5.3 Het vorenoverwogene leidt tot de slotsom dat het beroep gegrond is en dat het bestreden besluit dient te worden vernietigd. Verweerder zal worden opgedragen opnieuw op het bezwaar van appellante te beslissen. Daarbij dient verweerder appellante opnieuw in de gelegenheid te stellen de aanvraag voor een S&O-verklaring, al dan niet onder het stellen van een termijn, aan te vullen. Het ter zitting namens verweerder gedane verzoek de rechtsgevolgen van het bestreden besluit in stand te laten komt niet voor inwilliging in aanmerking. Verweerder heeft er bij het indienen van dat verzoek kennelijk aan voorbij gezien dat na een vernietiging van het bestreden besluit verweerder in de positie komt te verkeren dat hij opnieuw op het bezwaar zal moeten beslissen.

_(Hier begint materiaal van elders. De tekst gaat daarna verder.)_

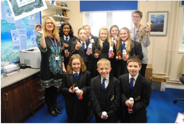
Year 7 Holkham Harlequins flying high with Average ATLs of 1—fantastic first term at Springwood. Well Done
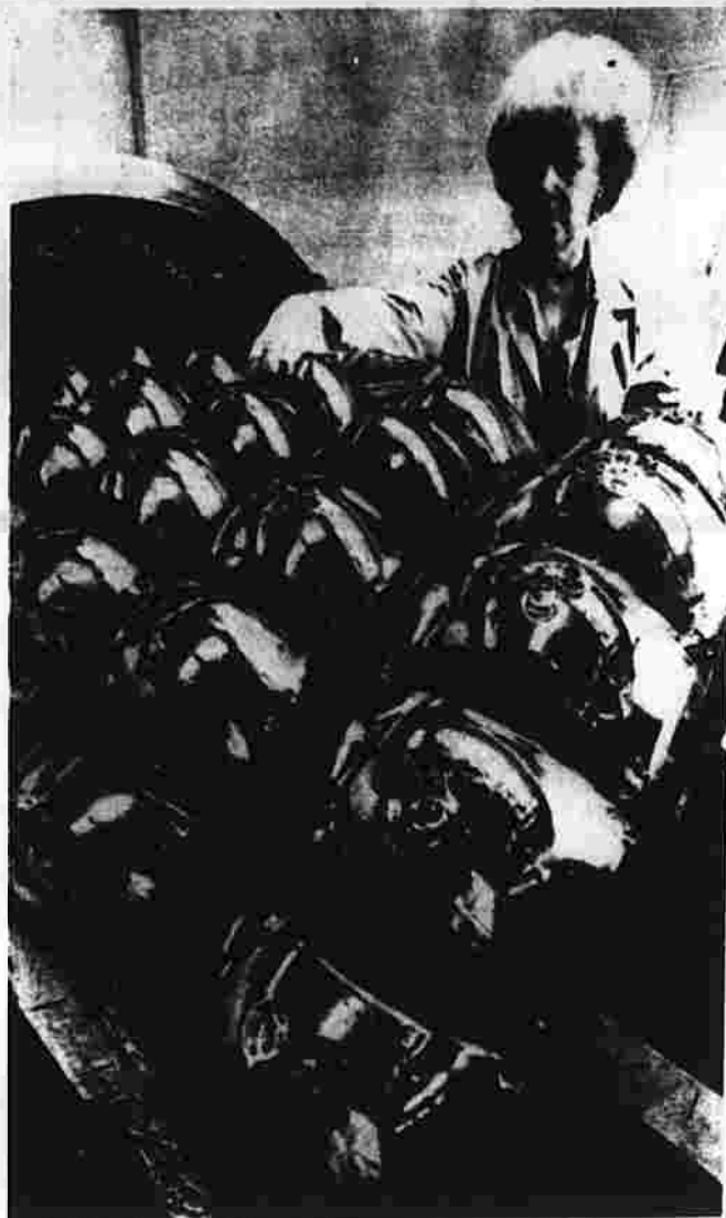
These glass reflectors have just received an aluminum coating in a vacuum furnace. The units are used to assemble Sylvania halogen sealed-beam headlamps produced at a GTE Lighting Group pilot plant in Salem, Mass., for Ford Motor Co. cars.
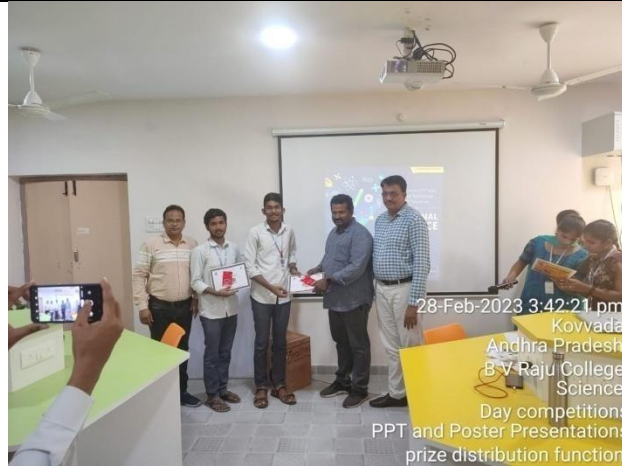
28-Feb-2023 3:42:21 pm Kovvada Andhra Pradesh B V Raju College Science Day competitions PPT and Poster Presentations prize distribution function
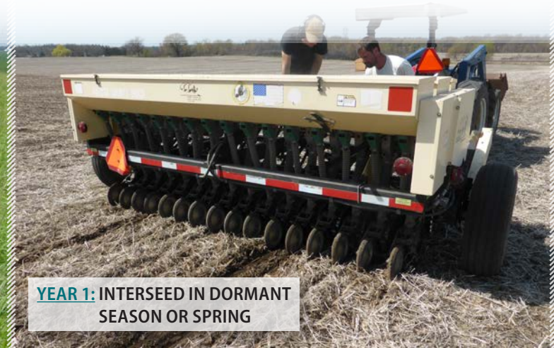
YEAR 1: INTERSEED IN DORMANT SEASON OR SPRING
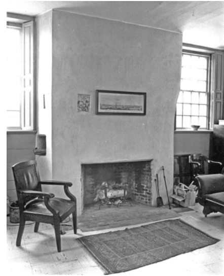
Restored Fireplace, first floor.
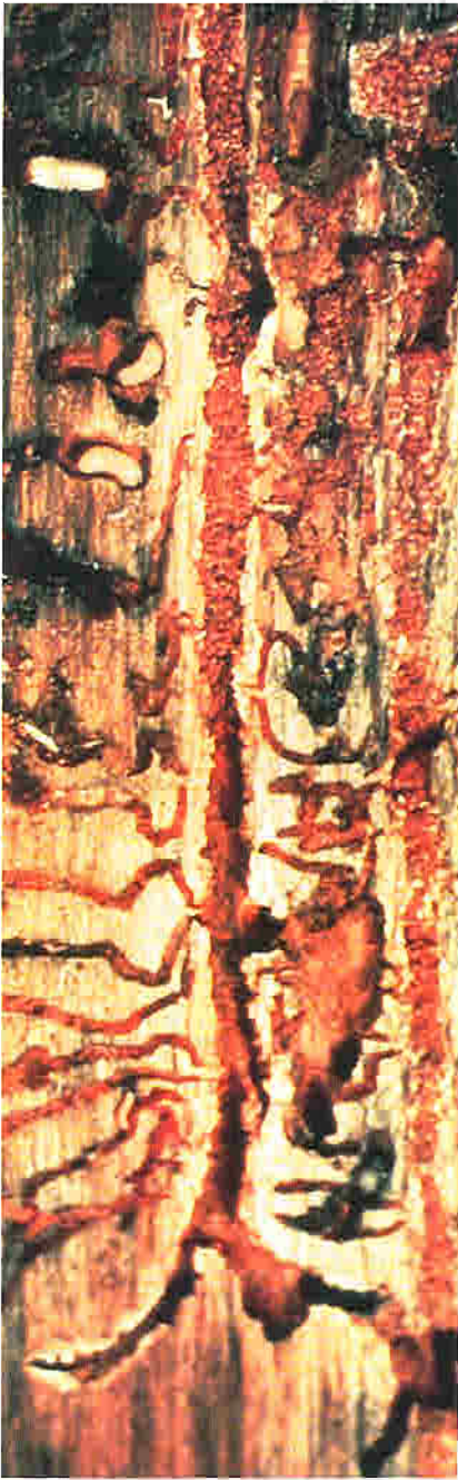
Figure 6 —Bark beetle galleries form an identifying pattern. Mountain pine beetle egg galleries are vertical. The larvae construct their feeding galleries at right angles to the egg galleries.
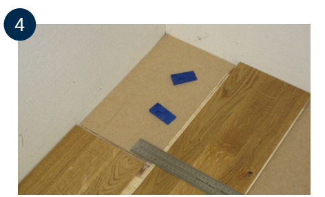
Cut the board to the correct length.
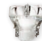
MSD Platinum 2 R
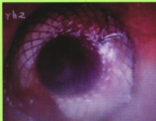
Fig.2 Esophageal stenosis stent implantation image under endoscopy
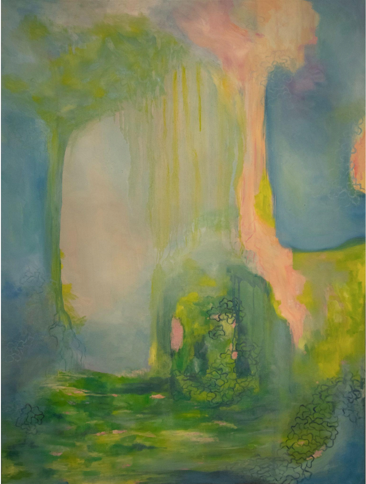
Figure 6: Willows
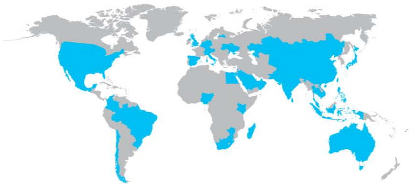
Figure 2: Our worldwide presence

Our annual report for the reporting year 2021-22 (i.e. period covering 1 April 2021 – 31 March 2022) can be accessed at https://www.nucleussoftware.com/investors .
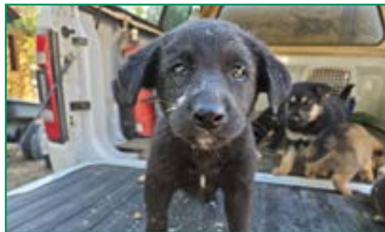
Puppy rescued from a northern community

Alberta SPCA Peace Officers and staff worked hard to help animals impacted by wildfires in Alberta this spring. Team members operated in Drayton Valley and Brazeau County, at the request of the municipalities, feeding animals in their homes; pets that were not able to evacuate with their families. Teams of Peace Officers, staff members, and locksmiths entered homes with the permission of the animal owners to check on the welfare of the pets and ensure they had food and water to last several days. Peace Officers also helped escort residents into the communities to pick up and remove their pets from the evacuation zone.
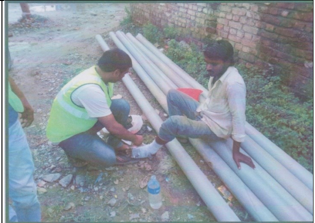
Safety engineer providing First aid treatment to injured labour, Biratnagar
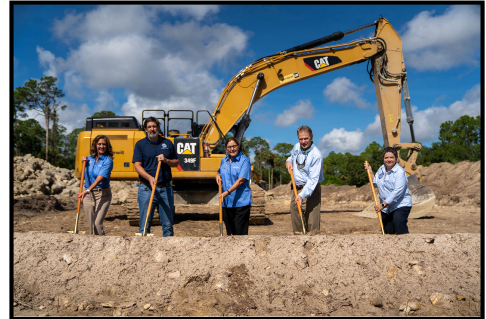
Cypress 1 Groundbreaking
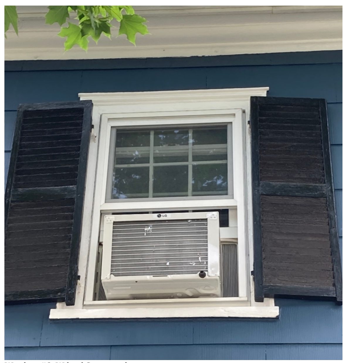
Window #2, Wibird Street, right
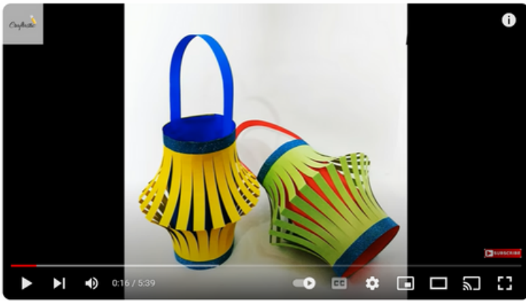
How to Make Paper Lantern for Diwali and Christmas Decoration | Diwali Decoration Ideas
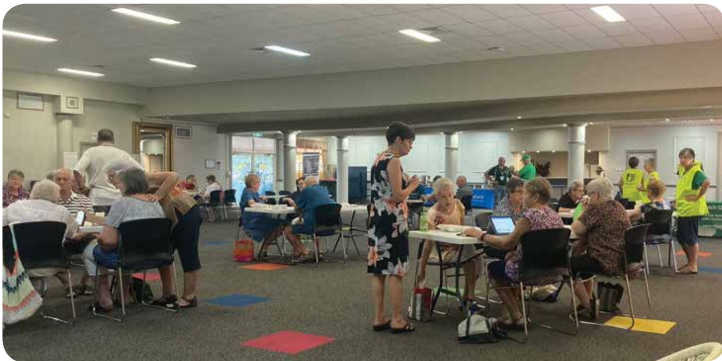
Get Online Week event hosted by Carlyle Gardens Neighbourhood Watch
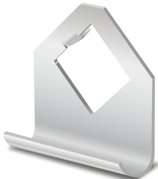
*2" Single Retention Bar Shown
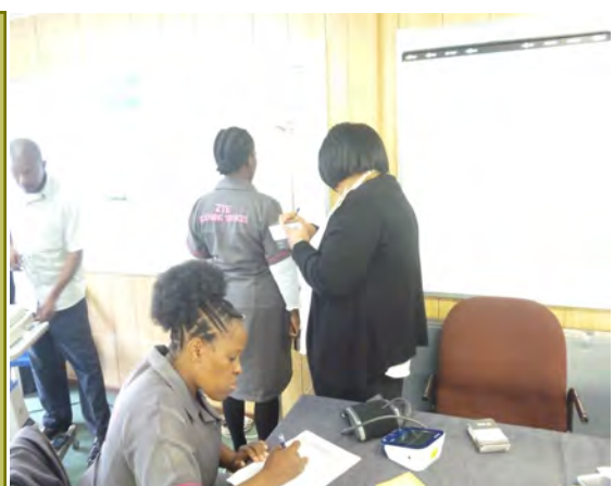
Right Picture: Body Mass Index (BMI) Testing
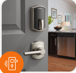
Unit Devices & Smart Apartment
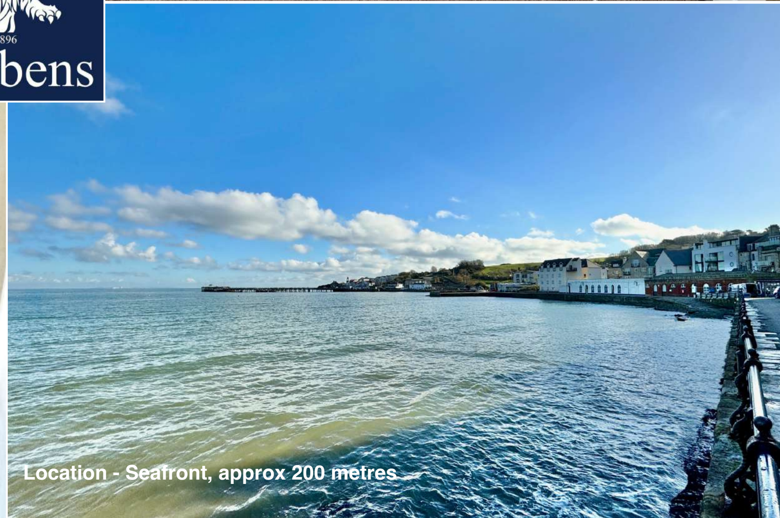
Location - Seafront, approx 200 metres
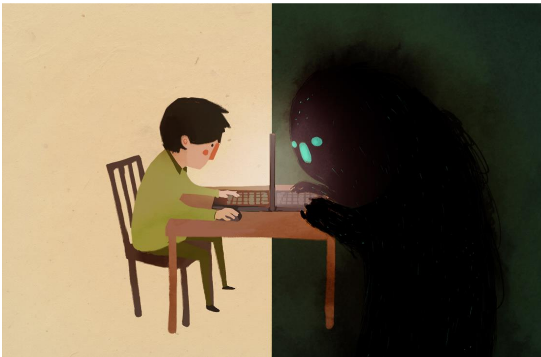
Figure 2: The person to be corrected/redeemed and the terrorist-monster.

other end of the desk, their own laptop connected to the White boy's, suggesting the perils of online communication. An inadvertent visual metaphor for the racialized duality of the person to be corrected (or redeemed) and the monstrous terrorist, the image aptly captures the terms of redemption implicit in Tony's parable and "Recruited by Radicals," which position the Whiteness of their protagonists as vulnerable but savable, and the racialized otherness of their recruiters as predatory, monstrous, and irredeemable.
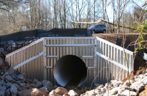
Use Pipe Wingwall
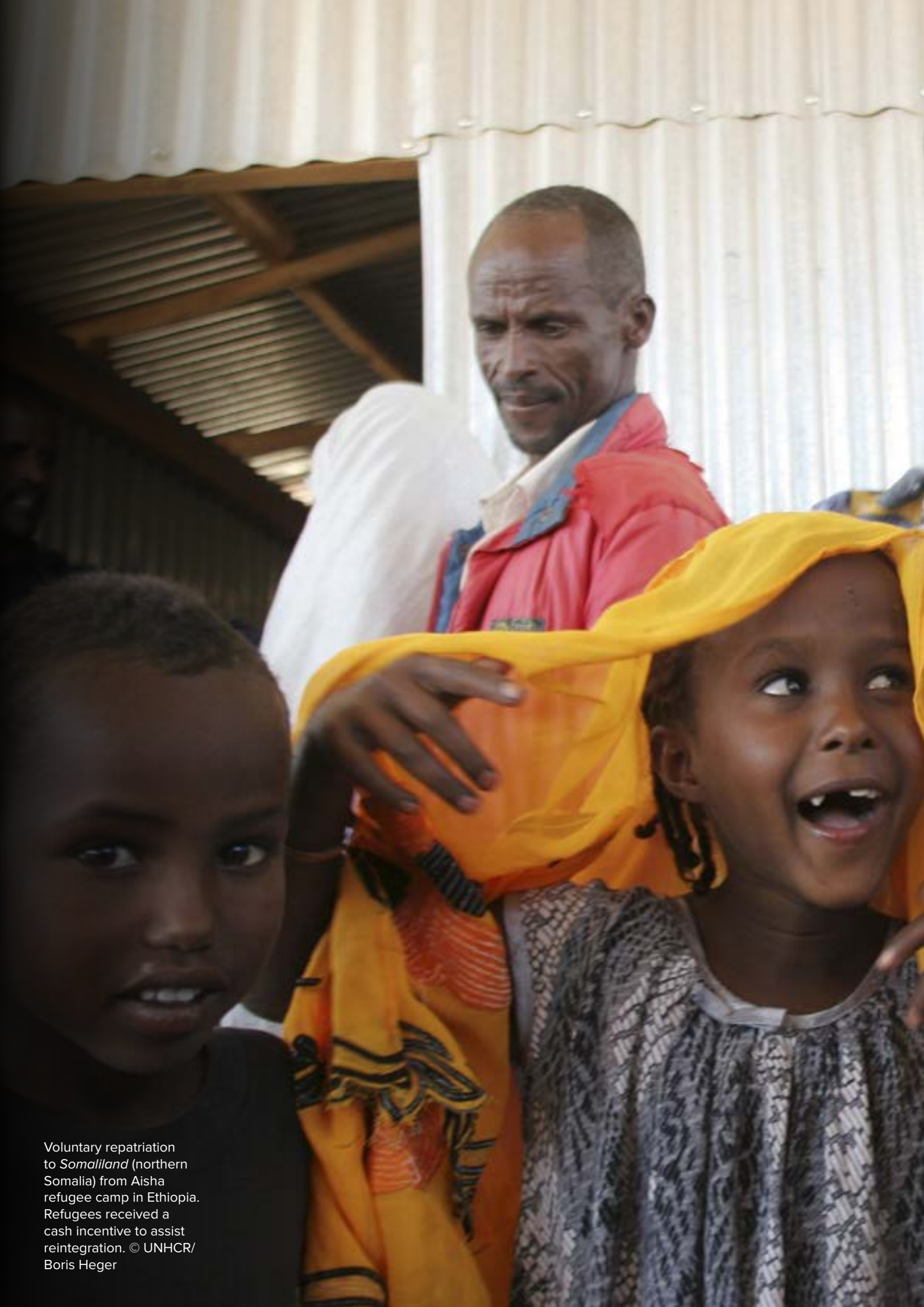
Voluntary repatriation to Somaliland (northern Somalia) from Aisha refugee camp in Ethiopia. Refugees received a cash incentive to assist reintegration.

5.4 Het College acht ten slotte termen aanwezig verweerder met toepassing van artikel 8:75 Awb te veroordelen in de proceskosten aan de zijde van appellante. Deze kosten worden op voet van het bepaalde in het Besluit proceskosten bestuursrecht vastgesteld op € 322,- (1 punt voor het verschijnen ter zitting met een wegingsfactor 1, ad € 322,- per punt).
6. De beslissing
Het College:
- verklaart het beroep gegrond;
- vernietigt het besluit van de Minister van Economische Zaken van 24 oktober 2008;
- gelast dat de Minister van Economische Zaken opnieuw beslist op het bezwaar van A B.V., met inachtneming van hetgeen
in deze uitspraak is overwogen;
- veroordeelt de Minister van Economische Zaken in de proceskosten van A B.V. tot een bedrag van € 322,- (zegge:
driehonderdtweeëntwintig euro);
- bepaalt dat de Minister van Economische Zaken aan A B.V. het door haar betaalde griffierecht ten bedrage van € 288,-
(zegge: tweehonderdachtentachtig euro) vergoedt.
Aldus gewezen door mr. R.R. Winter, mr. H.A.B. van Dorst-Tatomir en mr. R.C. Stam, in tegenwoordigheid van mr. B.S. Jansen als griffier, en uitgesproken in het openbaar op 28 oktober 2010.